The statistical efforts behind the numbers are far more real and defensible. Mortality is adjusted for case mix. Since mortality is measured for 30 days, I believe it includes post-discharge deaths as well. I could not find any separation in house mortality versus deaths after being discharged from hospital. Numbers, statistics and reporting seem to be contagious though, as the Leap Frog group is planning to develop its own reporting tool by end of this year. Based on responses from more than 1100 hospitals, it has already modified its website to report quality indicators, medical errors, etc; basically comparing hospitals on overall patient safety and procedure based comparison. Leap Frog, for those of us who do not know it, is a voluntary not-for-profit organization. In 1998, a group of large employers came together to start monitoring and establishing standards in health care. Considering that they employ millions of insured lives, their volume purchasing gives them a strong voice. Some examples of elite members of this group are large companies such as Boeing, Chrysler, FedEx, IBM, Intel and Marriott.
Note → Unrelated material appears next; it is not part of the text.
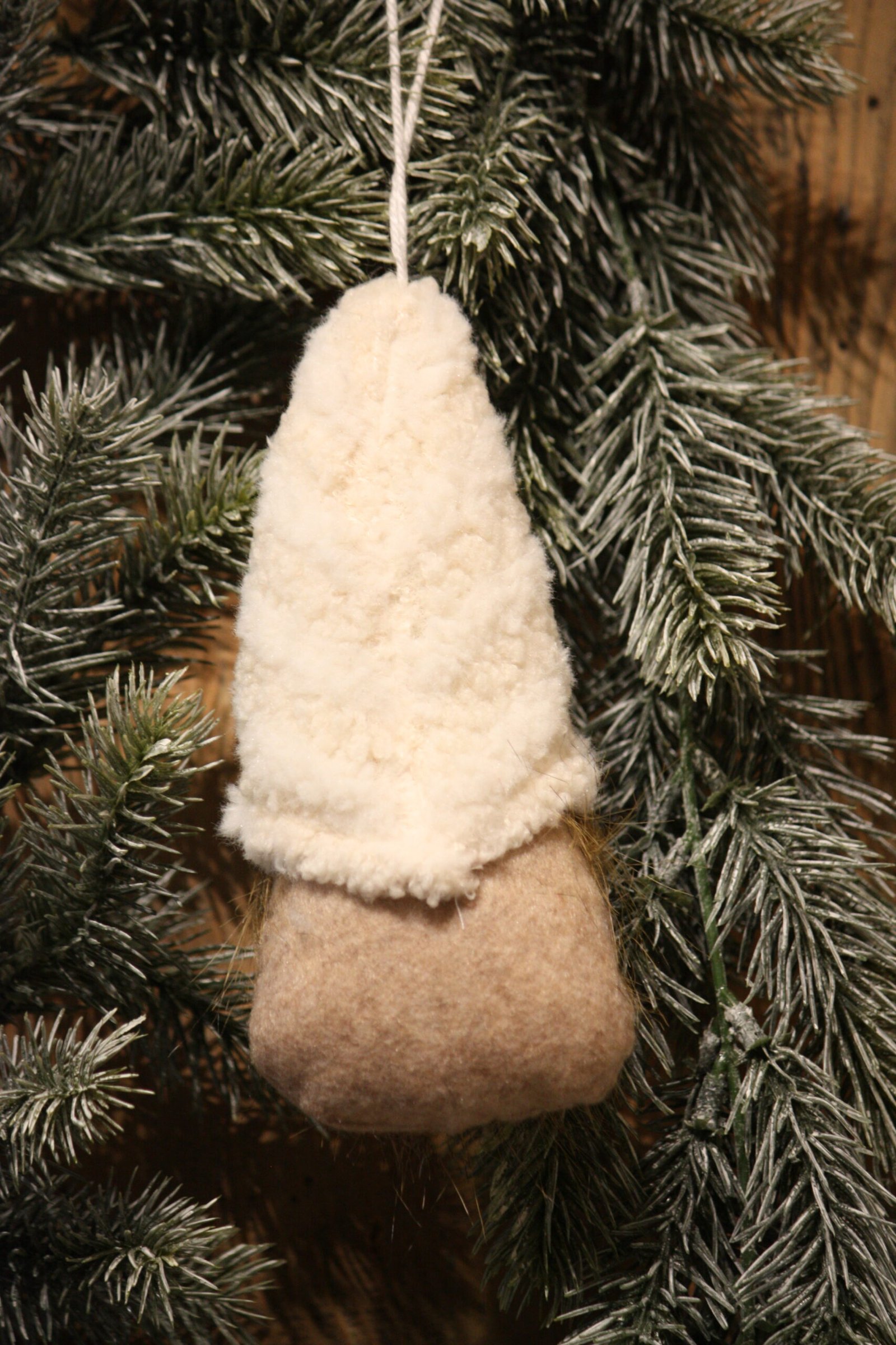 Ce petit gnome au bonnet écru, au corps beige et à la longue barbe vieillissante, se balade pour trouver une maison qui saura l’accueillir, il y apportera l'esprit de Noël avec beaucoup de bonheur et veillera secrètement sur la petite famille. A poser ou à suspendre.

There is a significant impact on hospitalist practice, as more and more in-patients are being treated by hospitalists- not only internal medicine in-patients, but also patients belonging to medical sub-specialties including cardiology and nephrology. An increasing number of orthopedic patients (particularly in small community hospitals) are using hospitalists as physicians on record. We need to make ourselves well versed with the site, visit the site frequently, and react to the statistics as needed, it is only going to get worse before it improves.